Dr. Dobb's Journal December, 2005
In June of this year, Apple Macintosh developers discovered that they had a formidable challenge set before them. The bad news was that to continue in the Macintosh software market, they were going to have to migrate their Power PC-based applications to an Intel x86-based Macintosh. The good news was that the operating system, Mac OS X, had already been ported and was running on prototype x86-based systems. Furthermore, Apple Computer offered cross-compiler Xcode tools that would take an application's existing source code and generate a "universal binary" file of the application. The universal binary file contains both Power PC and x86 versions of the program, and would therefore execute on both the old and new Mac platforms. (For more details on how Apple has engineered this transition, see my article "The Mac's Move to Intel," DDJ, October 2005.)
Apple provided developer reports that describe the migration of an existing Mac to the new platform as relatively quick and easy. I don't dispute those reports. There are situations where a particular application's software design dovetails nicely with the target platform's software. For example, if the application is written to use Cocoa, an object-oriented API whose hardware-independent frameworks implement many of Mac OS X's system services, the job is straightforward.
However, not all Mac applications are in such an ideal position. Many commercial Mac applications can trace their roots back to when the Mac OS API was the only choice (Mac OS X offers four), and most code was written in a procedural language, instead of an object-oriented one. When migrating an application to a new platform, developers are loath to discard application code that's field-tested and proven to work. Using such "legacy" code potentially reduces the cost and time to port an application because the process starts with stable software. The downside to this strategy is that code idiosyncrasies or subtle differences in the implementation of the legacy APIs on the new platform may hamper the porting process.
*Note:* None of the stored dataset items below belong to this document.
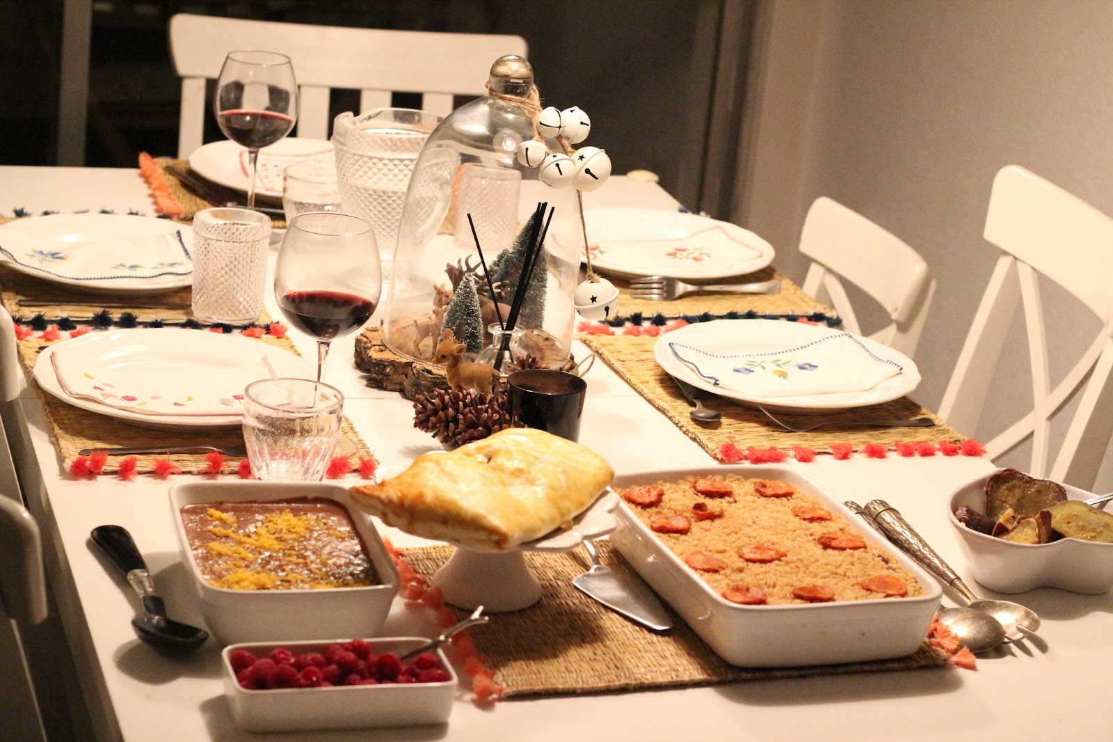 Elas ADORAM o arroz de pato e eu a empada de frango, que para mim é das melhores sugestões da marca. Mousse escolhida pelas miúdas e uma mesa bonita, com o centro de Natal deste ano, que me ajudaram a fazer.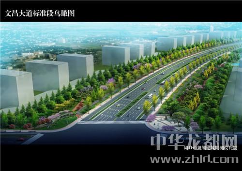 據(jù)東新區(qū)規(guī)劃建設(shè)環(huán)保局副局長楊帥兵介紹,此次施工時(shí)間從3月6日開始,預(yù)計(jì)6月20日結(jié)束。升級改造后的文昌大道(紅線加綠線)寬度為160米,斷面形式為中央6米綠化帶,中央綠化帶兩側(cè)各為寬度14米的快車道,快車道規(guī)劃為雙向八車道??燔嚨纼蓚?cè)各為寬度3米的機(jī)非分隔帶,機(jī)非分隔帶兩側(cè)為寬度5.5米的慢車道,慢車道兩側(cè)各為寬度4.5米的人行道。在人行道兩側(cè),就是寬度為50米的景觀綠化帶。快車道設(shè)計(jì)速度為50公里/小時(shí),道路設(shè)計(jì)使用年限為15年。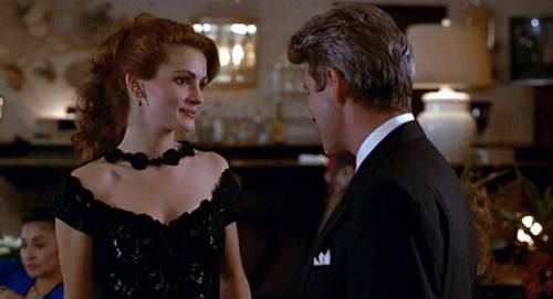 Например, «оперное» платье Джулии Робертс имело глубокое декольте «сердечком», которое полностью обнажало плечи и шею героини. Разумеется, для завершения образа шею следовало «одеть». Что и сделал герой Ричарда Гира, вручив спутнице фамильное бриллиантовое колье. К слову, колье было самое что ни на есть настоящее и стоило, ни много ни мало, 250 тысяч долларов. Поэтому рядом с актёрами незримо присутствовали два вооружённых охранника.

So, for the majority of Mac developers, the move to Intel might look more like a leap of faith than an easy transition.
This brings us to the $64,000 (or more) question: For most existing Mac applications, how difficult and costly is it to migrate a Power PC Mac application to the x86-based Mac platform? To see where the truth lies, I present in this article a case study of the porting process for a commercial Mac application.
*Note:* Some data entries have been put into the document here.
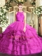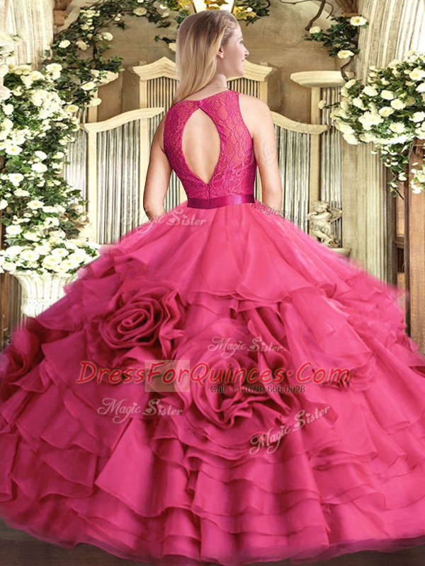 Fuchsia Sleeveless Lace Floor Length 15th Birthday Dress
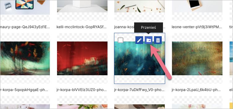 Pojedynczy obraz przeniesiesz do innego folderu, klikając w ikonę ze strzałką: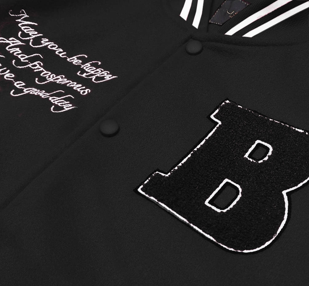 Venujte prosím pozornosť pri výbere veľkosti podľa veľkostnej tabuľky uvedenej nižšie. Veľkosti nezodpovedajú bežne nosené konfekciu. Tenká bunda typu college Bunda má voľný strih, podšívku, zapína sa patentkami a má dve vrecká so zapínaním na patentky. Rukávy sú ušité z eko kože. Model má dĺžku k bokom. Zloženie: 100% polyester.

The application in question is Bare Bones Software's BBEdit, an industrial-strength text editor (http://www.barebones.com/). "Text editor" is perhaps a bit of a misnomer here, because over the years, BBEdit's text-processing capabilities have evolved to suit the needs of several categories of user. Besides being a powerful programming editor for writing application code, web wizards use it to write HTML web pages, while professional writers use BBEdit to produce all sorts of text documents, ranging from manuals to novels.
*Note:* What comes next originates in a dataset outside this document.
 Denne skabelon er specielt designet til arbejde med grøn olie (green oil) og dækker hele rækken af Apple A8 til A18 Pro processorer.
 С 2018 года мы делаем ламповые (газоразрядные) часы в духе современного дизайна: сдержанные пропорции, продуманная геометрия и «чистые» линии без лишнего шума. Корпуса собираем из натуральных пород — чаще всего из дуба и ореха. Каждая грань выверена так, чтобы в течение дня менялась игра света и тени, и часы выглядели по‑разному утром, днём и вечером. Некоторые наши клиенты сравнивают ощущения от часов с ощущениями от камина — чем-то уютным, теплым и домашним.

BBEdit offers a wide variety of features and services to meet the demands of these three disparate groups of users. For programming work, the editor displays the source code of C, C++, Objective-C, Java, Perl, Pythonin total, about 20 programming languages with syntax coloring. It features integration with the Absoft tools and interoperates with the Xcode tools as an external editor. For HTML coding, menu choices let you quickly generate HTML tags. The HTML code is also syntax colored, and syntax checks can be run on the HTML to spot coding errors. Furthermore, BBEdit can render the HTML that you just wrote so that you can preview the results immediately and make changes. When the web page's code is ready, BBEdit lets you save it to the server using an FTP/SFTP connection. For just plain writing, the editor is fast, allowing you to quickly search, change, and scroll through large documents consisting of 7 million words or larger. A built-in spellchecker lets everyoneprogrammers, web wizards, and writers alikecheck for spelling errors. Finally, it provides a plug-in interface so that new features and tools can be added to the application in the future.
The current 8.2 version of BBEdit, while changed in many ways from the original version (the World Wide Web didn't even exist when the first version of BBEdit was written), still owes a lot to the code design of its ancestors. To appreciate how the Bare Bones Software team managed the current transition to the x86 platform, it helps to review the editor's rich and complex history. This is due to the fact that the program has been revised numerous times and completely rewritten several times. As you'll see, certain design decisions, some made years ago, profoundly affected the current (and third) transition to the x86 platform.
BBEdit is a classic Mac application in every sense of the word, being 15 years old. It was written in 1990 to provide a lightweightyet fastcode editor for the then-extant 68K Mac platform. The bulk of BBEdit was originally written in Object Pascal, while performance-critical sections of the program were written in C and 68K assembly. Mac old-timers will recall that the preferred programming language for Mac applications was Pascal, and that you accessed the Mac APIs with Pascal stack-based calling conventions. C compilers of that era used glue routines to massage the arguments of a C-based API call so that they resembled a Pascal stack call.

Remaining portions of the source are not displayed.